Wharton Ph.D. Summer Tech Camp 2017

Instructor: Alex Miller

Ph.D. Student, Information Systems (OID Department)
Email: alexmill@wharton.upenn.edu
Office: 526.4 JMHH

Course Description

The aim of this course is to familiarize incoming and current Wharton PhD students with the basic technical skills and tools required for empirical research. This includes publicly available and open source tools (e.g., AWS, Python, R) and Wharton-specific resources (e.g., Wharton grid computing cluster, WRDS).

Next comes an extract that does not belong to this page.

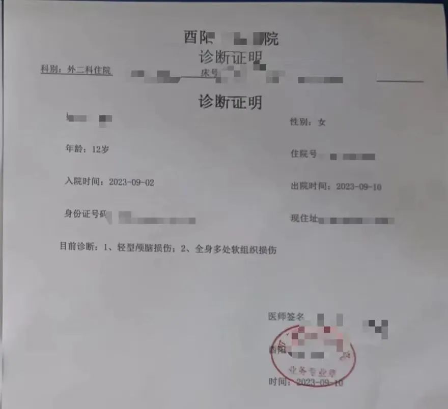 在医院,孙先生的妹妹被诊断为轻型颅脑损伤,全身多处软组织挫伤,于9月2日入院,9月10日出院。孙先生说,自己支付了1000余元医药费后,学校的老师帮忙垫付了剩余医药费。妹妹住院期间,老师多次来医院看望妹妹。

The course is primarily concerned with acquiring, cleaning, managing, and analyzing data. It will provide hands-on experience using variety of computing tools, including intro-level machine learning and natural language processing techniques. At the end of this short-term course, students will have a better understanding of what tools are most appropriate for different data analysis tasks at hand.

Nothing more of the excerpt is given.